Sie könnten fordern, dass die Gelder für die libyschen Bodenschätze wie das Erdöl für die Verbesserung der Infrastruktur im Land verwendet wird und nicht mehr zur Bereicherung der unterschiedlichen Herrschaftscliquen dienen soll.

Solange aber die Menschen sich gegen Israel auf die Straße mobilisieren lassen, wird eben nicht mehr darüber geredet, wer für die schlechten Lebensverhältnisse in vielen arabischen Ländern verantwortlich ist. Das sind eben vor allem die eigenen Herrschercliquen. Das gilt übrigens auch in Gaza und der Westbank.

Deswegen ist die Parole Free Gaza from Hamas eben nicht nur eine Provokation. Das zeigt sich allein schon daran, dass nicht wenige Bewohner aus dem Gaza-Streifen in Israel Asyl suchen, weil sie von der Hamas wegen ihrer politischen Ansichten oder ihrer sexuellen Orientierung mit dem Tod bedroht werden. Andere konnten mit Hilfe von Spenden aus Israel aus dem Gaza fliehen

Der Mythos vom Kampf um die Rückkehr

Die dem israelischen Friedenslager und nicht der aktuellen Rechtsregierung nahestehenden Journalisten Adi Schwartz und Einat Wilf haben in ihren vor einigen Monaten im Verlag Hentrich & Hentrich herausgegebenen Buch "Der Kampf um Rückkehr" mit guten Argumenten aufgezeigt, wie eine längst illusionäre Forderung nach Rückkehr in die alte Heimat im israelischen Kernland dazu führt, dass Palästinenserinnen und Palästinenser noch nach mehreren Generationen in einem Flüchtlingsstatus festgehalten werden.

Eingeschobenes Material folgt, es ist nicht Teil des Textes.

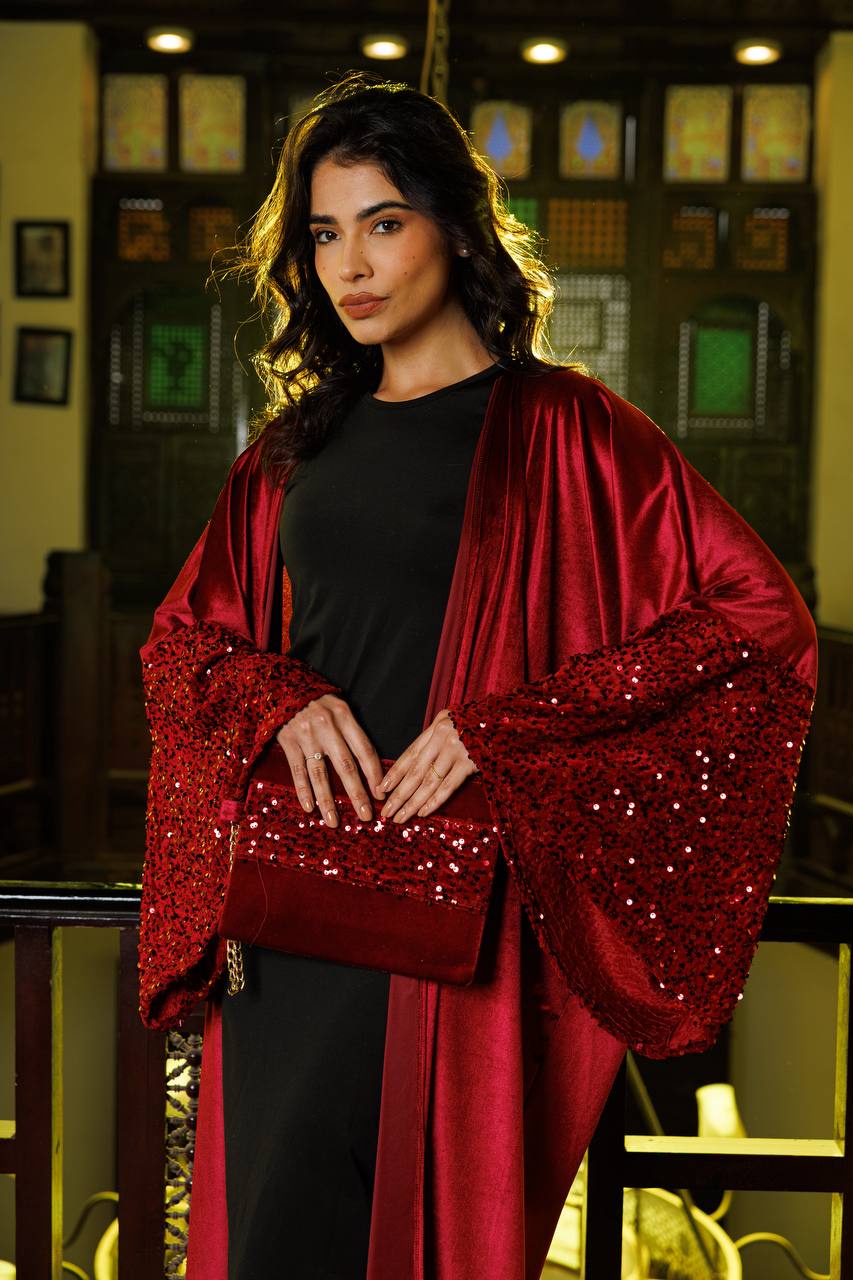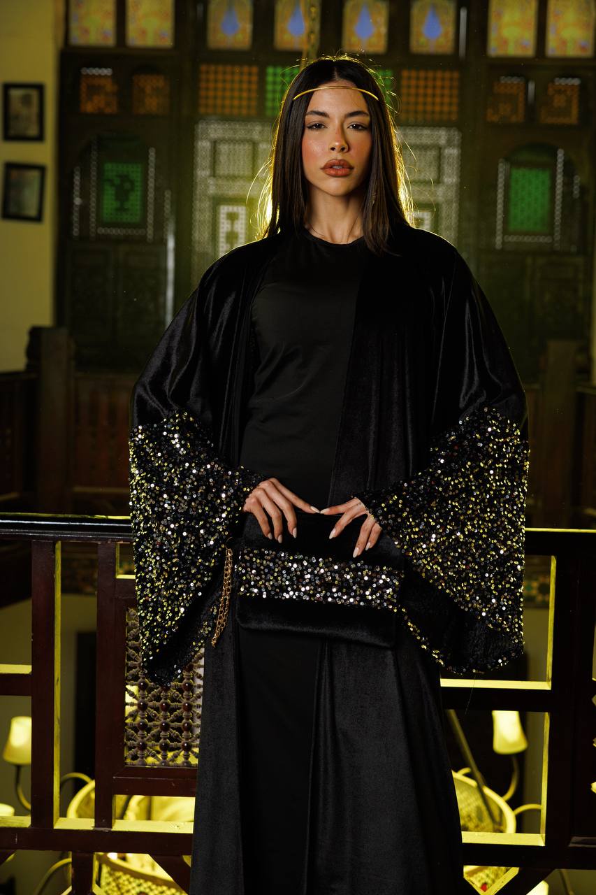 كاردي من خامة قطيفة ناعمة بتصميم أنيق، أكمام مزينة بالترتر تضيف لمسة فخامة ولمعان، ومعاه شنطة تكمل اللوك. قطعة مميزة للمناسبات والطلعات الخاصة ♥️

Das nutzt den autoritären Machthabern in den meisten Ländern, in denen nun immer noch palästinensische Flüchtlingslager existieren, obwohl fast alle dort lebenden Menschen in diesen arabischen Ländern geboren worden sind. Da wäre es doch eine naheliegend, genau dort ihre politischen und sozialen Rechte einzufordern. Genau das aber fürchten die autoritären Machthaber. Sie haben auch immer wieder blutig palästinensische Proteste unterdrückt, wenn sie sich nicht gegen Israel richten, sondern wenn sie Rechte in den jeweiligen Ländern, beispielsweise im Libanon oder in Jordanien einfordern.

Nur wird über die Verletzten und Toten, aber auch über die Gefangenen aus diesen Kämpfen wenig geredet. Auch in vielen Medien in Deutschland sind Palästinenser nur dann ein Thema, wenn wie Opfer israelischer Staatsgewalt werden. Viel seltener hören wir von den Repressalien in Gaza, in der Westbank oder auch in Libyen.

Denn Proteste gegen die eigenen Warlords werden auch dort von allen herrschenden Fraktionen mit Gewalt niedergeschlagen. Vielleicht wurde daher auch der Furore gegen die Gespräche mit einen israelischen Außenminister auch deshalb inszeniert, damit die Menschen in Libyen erst gar nicht auf den Gedanken kommen, sich die israelische Protestbewegung zum Vorbild nehmen und Veränderungen in ihren eigenen Land einfordern.